To achieve the national carbon intensity (NCI) target, China should adopt effective mitigation measures. This paper aims to examine the effects of key mitigation measures on NCI. Using the input-output table in 2017, this paper establishes the elasticity model of NCI to investigate the effects of industrial development, intermediate input coefficients, energy efficiency, and residential energy saving on NCI, and further evaluates the contributions of key measures on achieving NCI target. The results are shown as follows. First, the development of seven sectors will promote the increase of NCI while that of 21 sectors will reduce NCI. Second, NCI will decrease significantly with the descending of intermediate input coefficients of sectors, especially electricity production and supply. Third, improving energy efficiency and residential energy saving degree could reduce NCI, but the latter has limited contribution. Fourth, the development of all sectors will reduce NCI by 10.11% in 2017–2022 if sectors could continue the historical development trends.
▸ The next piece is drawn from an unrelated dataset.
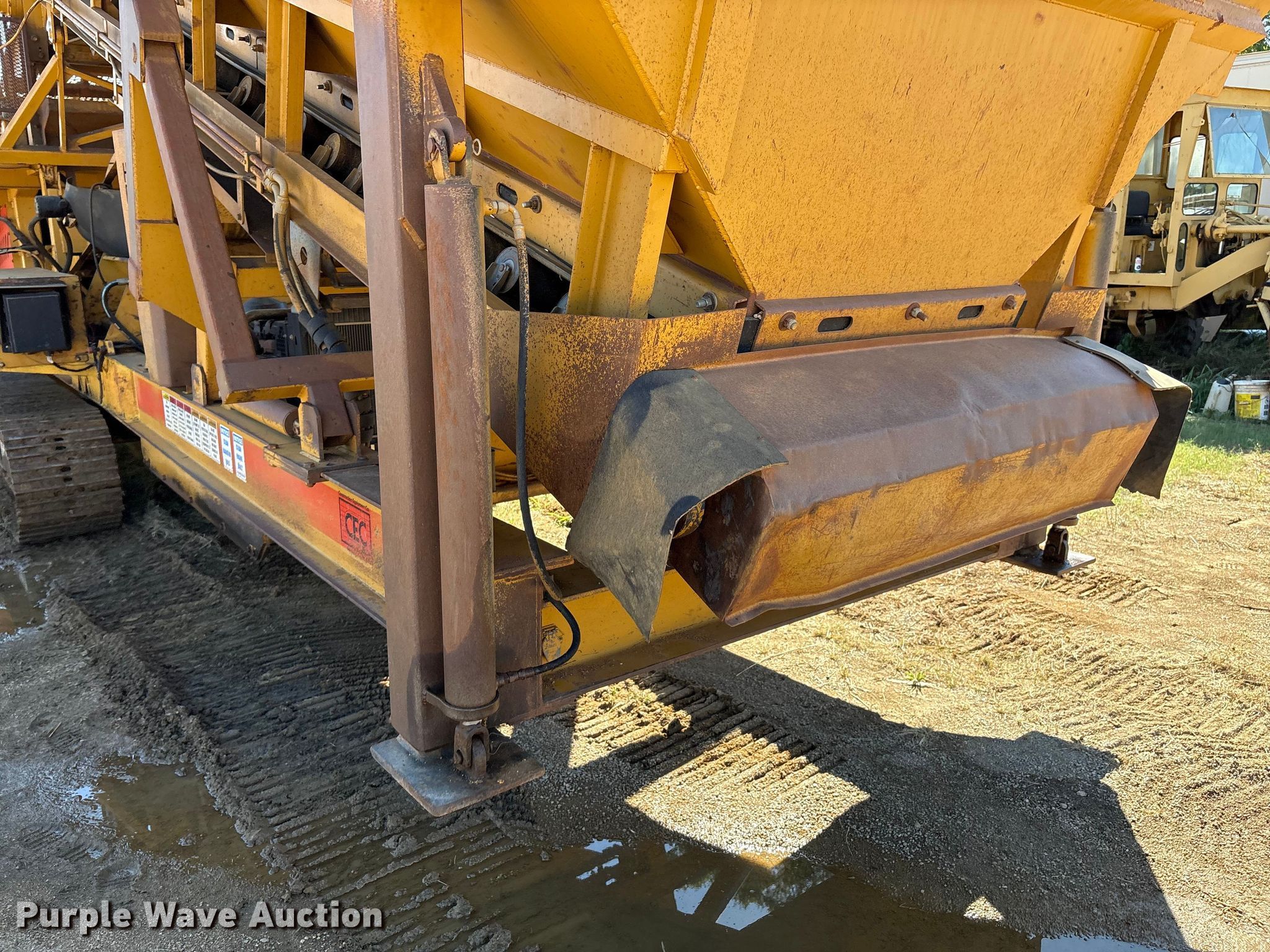 Construction Equipment Company Screen-It screening plant. Serial: 13-09458A. Engine Perkins, Serial: 44615441, Cylinders: 4, Fuel type: Diesel. Features Screen deck Length: 12', Width: 5', Decks: Double, Input hopper Length: 8', Width: 55", Vibrating, Conveyors Input: 40" W, Discharge: 48" W, Discharge: 48" W. Tracks Width: 20". Notes (8) additional screens and rollers. Blessing Gravel LLC. Tishomingo, OK 73460

Fifth, assuming that sectors with rising intermediate input coefficients would keep their coefficients unchanged in the predicting period and sectors with descending coefficients would continue the historical descending trend, the improvement of technology and management of all sectors will reduce NCI by 14.02% in 2017–2022.

Suggested Citation

  • Feng Wang & Min Wu & Jiachen Hong, 2020. "Exploring the Effects of Industrial Structure, Technology, and Energy Efficiency on China’s Carbon Intensity and Their Contributions to Carbon Intensity Target," Sustainability, MDPI, vol. 12(19), pages 1-24, September.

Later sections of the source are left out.